The Paris Commune 1871
A brief history of the world's first socialist working class uprising. The workers of Paris, joined by mutinous National Guardsmen, seized the city and set about re-organising society in their own interests based on workers' councils.
The Paris Commune is often said to be the first example of working people taking power. For this reason it is a highly significant event, even though it is ignored in the French history curriculum. On May 18 1871, after France was defeated by Prussia in the Franco-Prussian war, the French government sent troops into Paris to try and take back the Parisian National Guard’s cannon before the people got hold of it. Much to the dismay of the French government, the citizens of Paris had got hold of them, and wouldn't give them up. The soldiers refused to fire on their own people and instead turned their weapons on their officers.

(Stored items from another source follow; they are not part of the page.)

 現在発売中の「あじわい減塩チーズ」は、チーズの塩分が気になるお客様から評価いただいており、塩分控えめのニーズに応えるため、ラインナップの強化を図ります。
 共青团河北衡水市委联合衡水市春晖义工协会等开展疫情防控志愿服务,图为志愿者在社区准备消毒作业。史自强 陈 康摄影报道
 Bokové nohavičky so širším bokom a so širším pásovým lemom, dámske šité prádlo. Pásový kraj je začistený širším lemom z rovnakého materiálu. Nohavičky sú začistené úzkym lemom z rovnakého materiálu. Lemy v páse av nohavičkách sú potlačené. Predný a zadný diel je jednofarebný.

The PNG held free elections and the citizens of Paris elected a council made up mostly of Jacobins and Republicans (though there were a few anarchists and socialists as well). The council declared that Paris was an independent commune and that France should be a confederation of communes. Inside the Commune, all elected council members were instantly recallable, paid an average wage and had equal status to other commune members. Contemporary anarchists were excited by these developments. The fact that the majority of Paris had organised itself without support from the state and was urging the rest of the world to do the same was pretty exciting. The Paris Commune led by example in showing that a new society, organised from the bottom up, was possible. The reforms initiated by the Commune, like turning workplaces into co-operatives, put anarchist theory into practice. By the end of May, 43 workplaces had become co-operatives and the Louvre Museum was a munitions factory run by a workers’ council.

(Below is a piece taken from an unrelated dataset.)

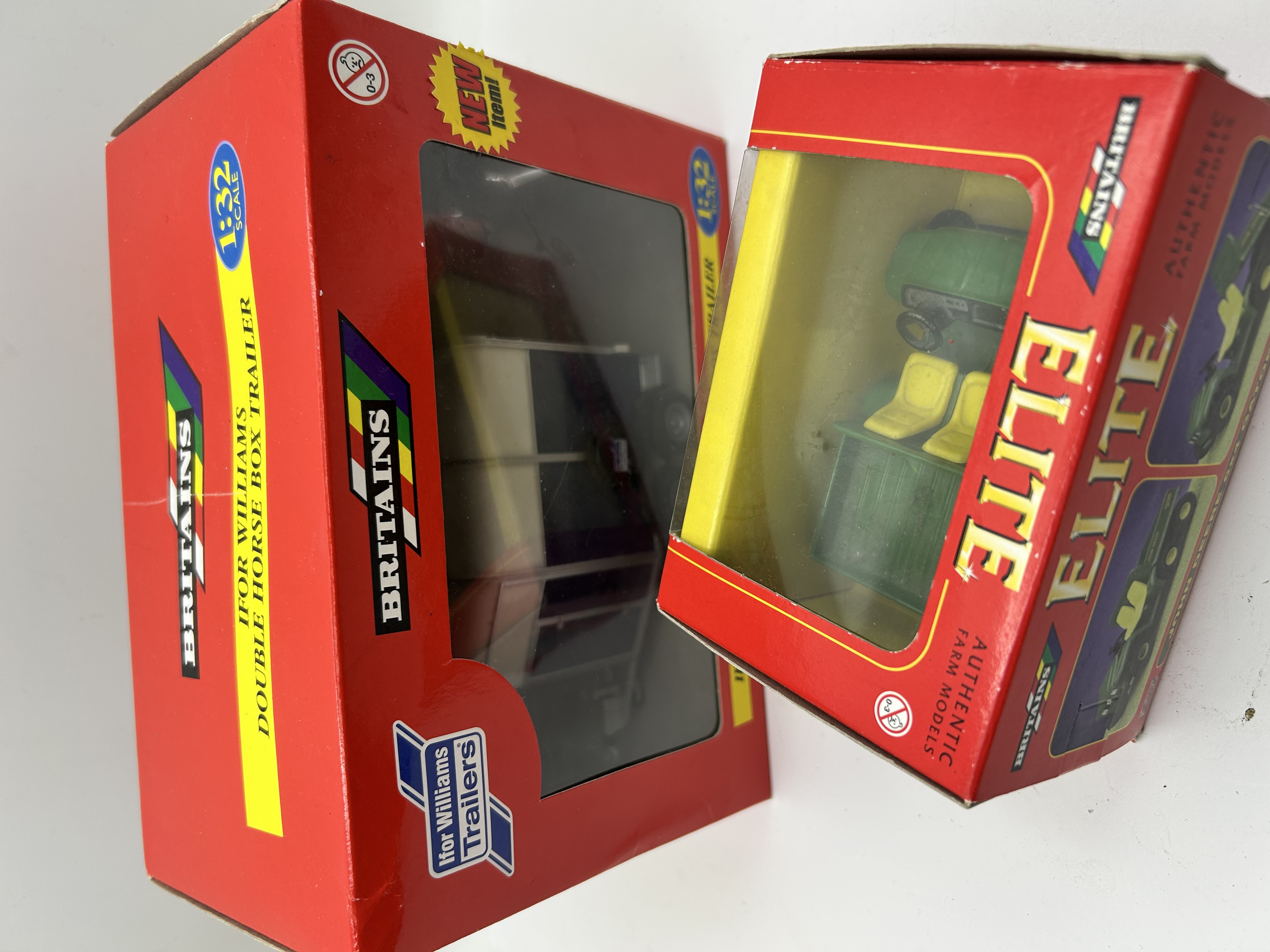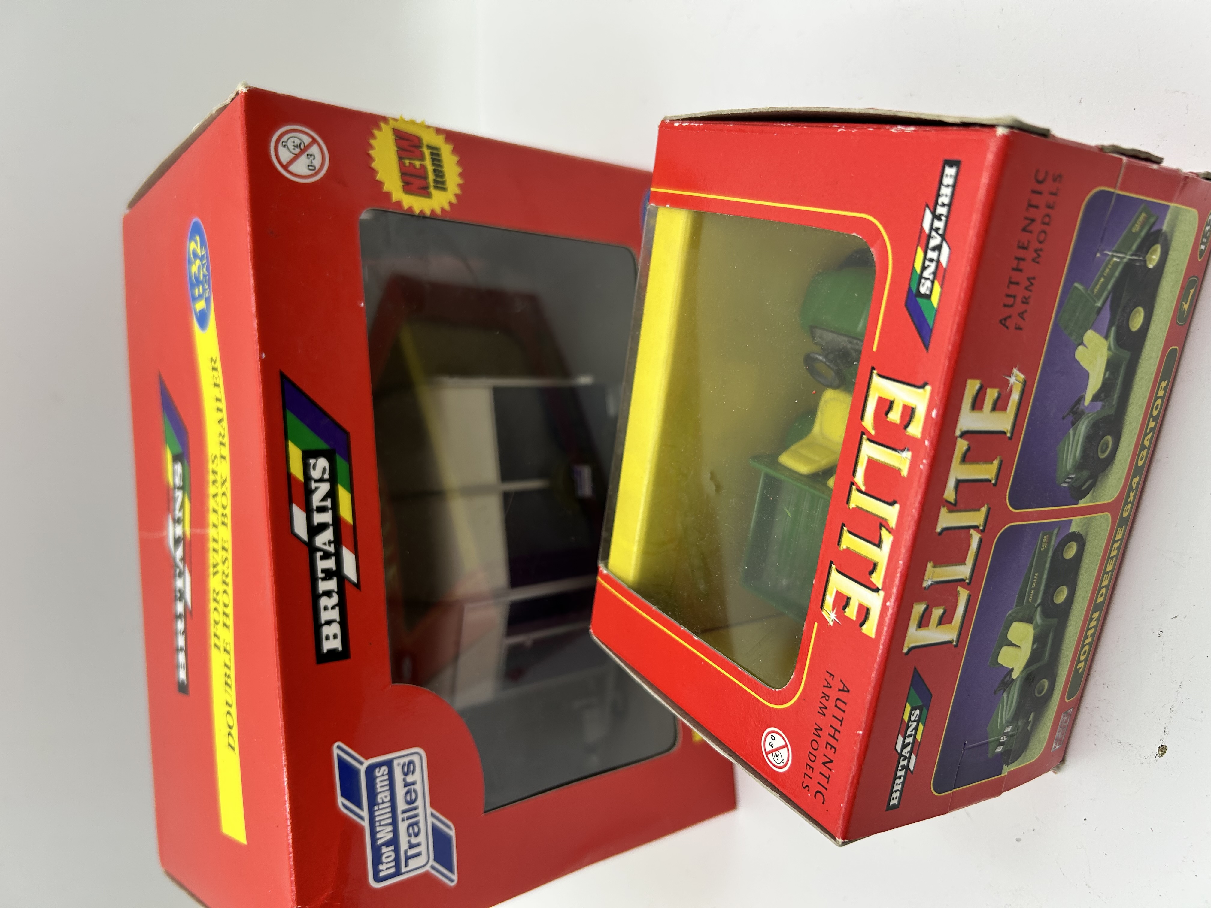Two Britains die-cast farm models in their original retail packaging. The first model is an Ifor Williams Double Horse Box Trailer produced in 1:32 scale. The second model is a John Deere 6×4 Gator from the Britains Elite Authentic Farm Models series. Both models are constructed from a combination of die-cast metal and plastic components. The items are housed in their original red cardboard window boxes featuring the Britains logo, Ifor Williams Trailers branding, and John Deere identification.

The Mechanics Union and the Association of Metal Workers stated “our economic emancipation . . . can only be obtained through the formation of workers' associations, which alone can transform our position from that of wage earners to that of associates." They also advised the Commune’s Commission on Labour Organisation to support the following objectives: “The abolition of the exploitation of man by man... The organisation of labour in mutual associations and inalienable capital.” Through this, it was hoped that within the Commune, equality would not be an “empty word”. In the words of the most famous anarchist of the time, Mikhail Bakunin, the Paris Commune was a “clearly formulated negation of the state”.
However, anarchists argue that the Commune did not go far enough. Those within the Commune didn’t break with the ideas of representative government. As another famous anarchist, Peter Kropotkin said: “if no central government was needed to rule the independent Communes... then a central municipal government becomes equally useless... the same federative principal would do within the Commune”

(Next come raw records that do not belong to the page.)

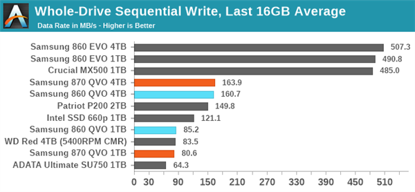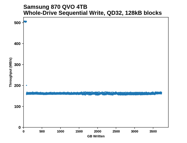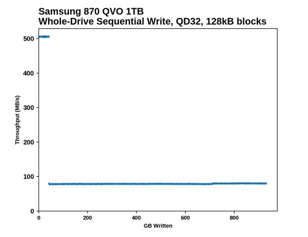 AnandTech已经对870 QVO进行了详细的测试,其他没什么意外,这里只看看缓存内外的写入情况。
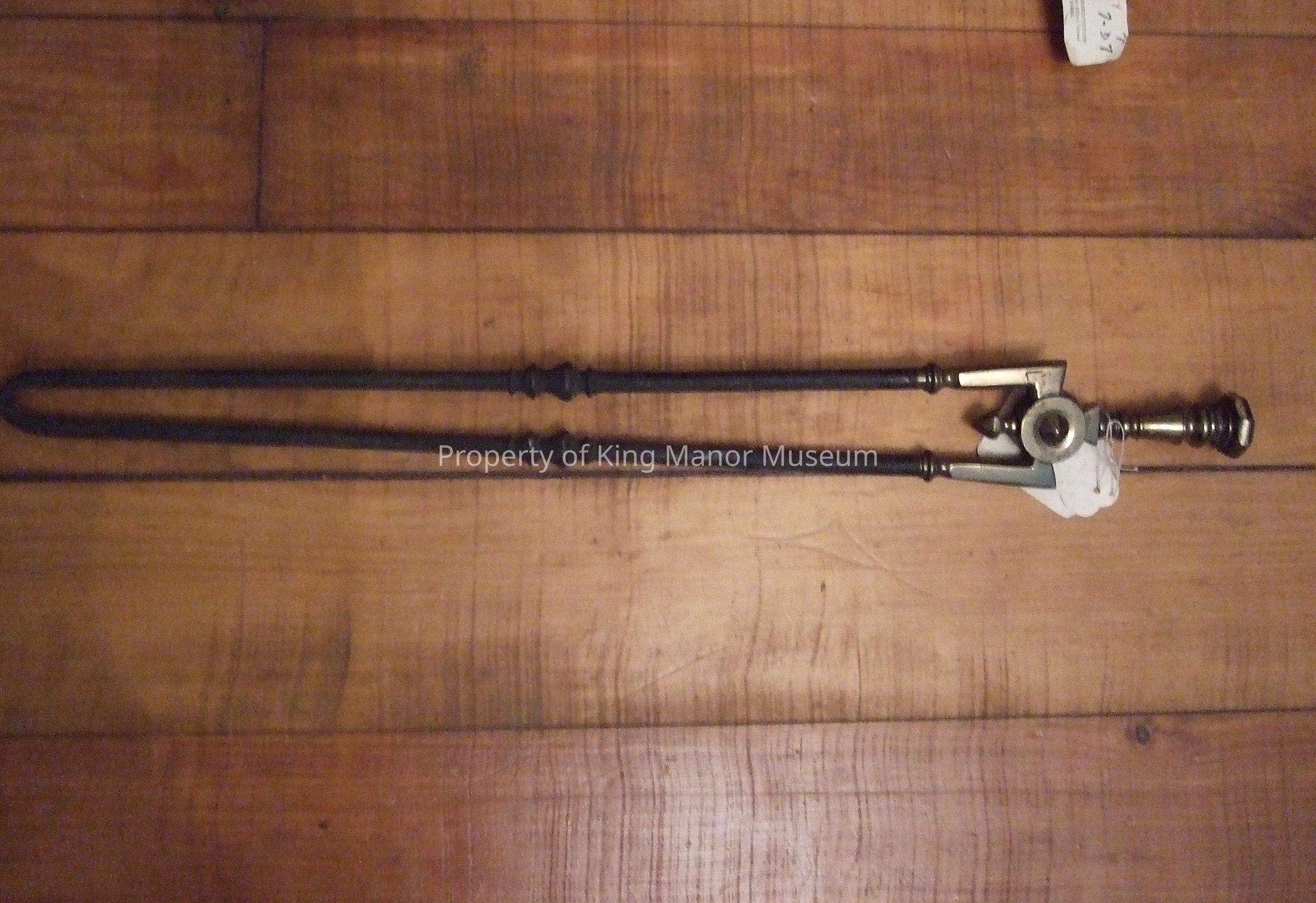 Fireplace tongs having forged iron flattened end pincers supported on brass handle having squared shoulders and faceted finial
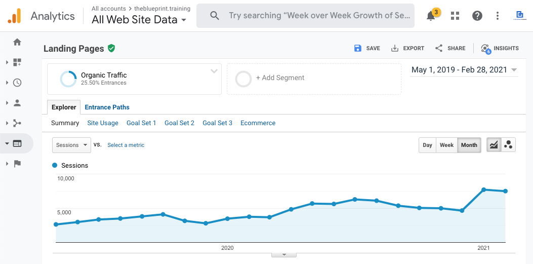 +260% organic traffic growth for The Blueprint Training

As the Commune kept some of the old ideas of representative democracy, they stopped the people within the Commune from acting for themselves, instead trusting the governors to sort things out for them. Anarchists argued for federations of directly democratic mass assemblies had been set up just like the people of Paris had done just over a hundred years previously (must be something in the water!). The council became increasingly isolated from those who’d elected it. The more isolated it got, the more authoritarian it got. The council set up a “Committee of Public Safety” to “defend [by terror]” the “revolution”. This Committee was opposed by the anarchist minority on the council and was ignored by the people who, unsurprisingly, were more concerned with defending Paris from invasion by the French army. In doing so, they proved right the old revolutionary cliché of ‘no government is revolutionary’!
On May 21st, the government troops entered the city and were met with seven days of solid street fighting. The last stand of the Communards took place at the cemetary of Montmartre, and after the defeat troops and armed members of the capitalist class roamed the city, killing and maiming at will. 30,000 Communards were killed in the battles, many after they had surrendered, and their bodies dumped in mass graves. The legacy of the Commune lived on, however, and "Vive la commune!" ("Long live the Commune!" was painted over on the walls of Paris during the 1968 uprising, and not for the last time we can be sure...
Marx and Engels followed the Commune closely and drew many lessons from this first attempt at the construction of a workers' state. Their conclusions are contained in the writings published under the title "The Civil War in France", with a particularly remarkable introduction by Engels. Before the 18th March, they had declared that, given the unfavourable circumstances, seizing power would be "a desperate folly". Nevertheless, the events of March 18th left the workers with power thrust upon them, as it were. The working people of Paris saw themselves as fighting not only for immediate aims. They struggled, as they termed it, for a "universal social republic", free of exploitation, of class divisions, of reactionary militarism and national antagonisms. In modern France, as in all the industrialised countries in the world, the material conditions for the realisation of these great aims are incomparably more favourable now than they were in 1871. We must now establish on a firm foundation the society for which the men and women of the Commune fought and died.